WHAT IS BEING ASKED:
Please find the line that holds "- Bevestig de" below and reproduce it, along with every line after it through the end, exactly and without pictures.

SUPPLIED DATA:
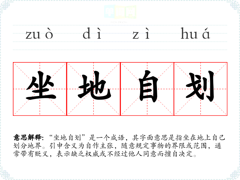 “坐地自划”是一个成语,其字面意思是指坐在地上自己划分地界。引申含义为自作主张,随意规定事物的界限或范围,通常带有贬义,表示缺乏权威或不经过他人同意而擅自决定。
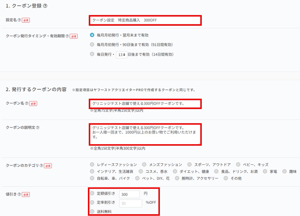 以上で、商品によってクーポン(メール)を変更する設定が完了となります。
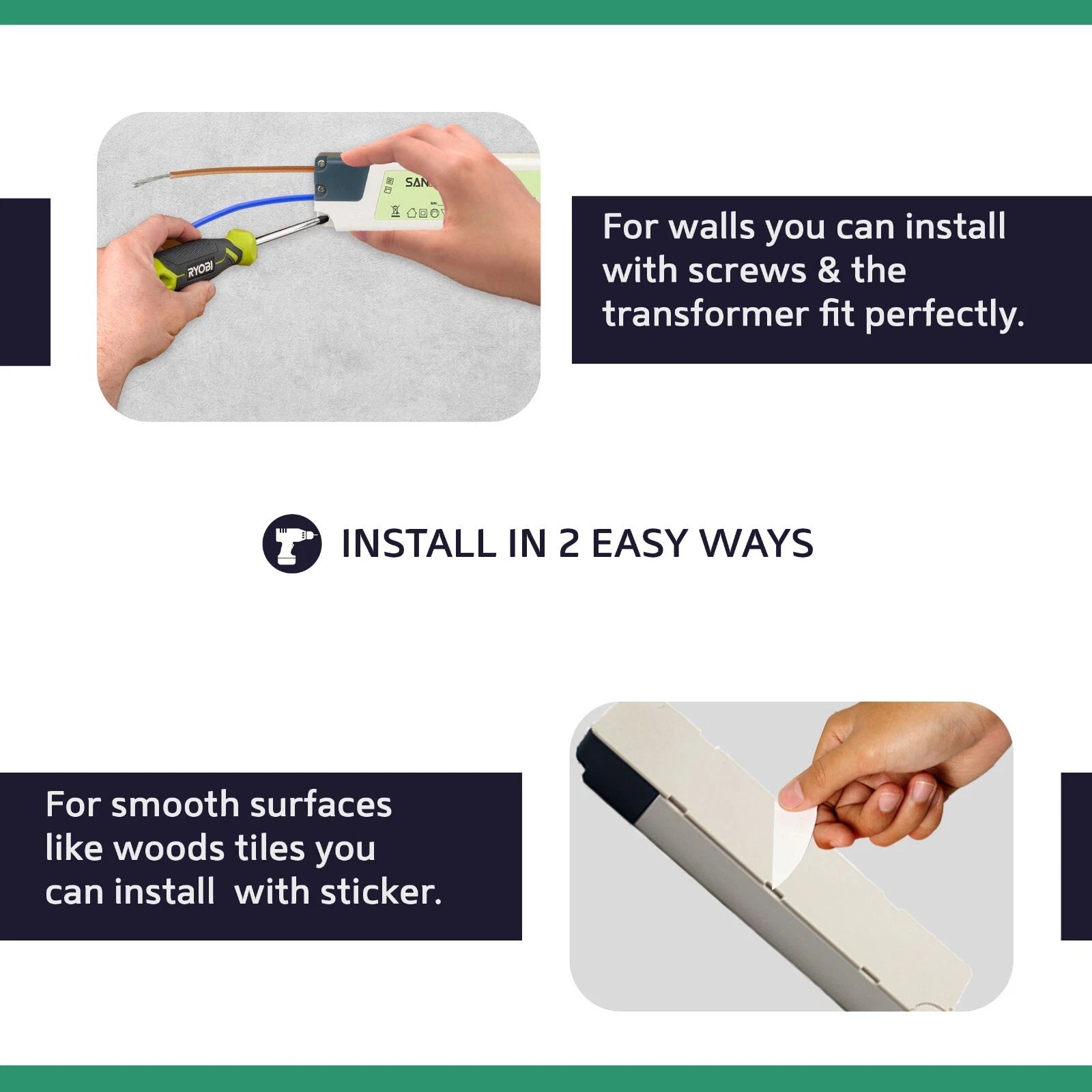 - Bevestig de transformator met schroeven aan de muur, zodat hij goed past. Voor gladde oppervlakken gebruikt u stickers, zodat u hem eenvoudig kunt bevestigen.
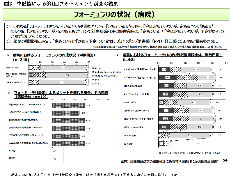 20年度改定後の検証調査で初めて行ったフォーミュラリの導入状況調査の結果、病院の16.1%がフォーミュラリを策定しており、対象薬剤はPPI経口薬が58.1%で最も多かったことなどを示しています。
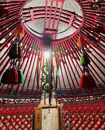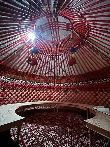 Аренда юрты с полом, 24/7 - Традиционная кыргызская юрта с деревянным каркасом и декоративной отделкой. - Пол: настил с национальными войлочными коврами (ширдаками) для комфортного размещения гост...

YOUR SOLUTION:
 - Bevestig de transformator met schroeven aan de muur, zodat hij goed past. Voor gladde oppervlakken gebruikt u stickers, zodat u hem eenvoudig kunt bevestigen.
 20年度改定後の検証調査で初めて行ったフォーミュラリの導入状況調査の結果、病院の16.1%がフォーミュラリを策定しており、対象薬剤はPPI経口薬が58.1%で最も多かったことなどを示しています。
 Аренда юрты с полом, 24/7 - Традиционная кыргызская юрта с деревянным каркасом и декоративной отделкой. - Пол: настил с национальными войлочными коврами (ширдаками) для комфортного размещения гост...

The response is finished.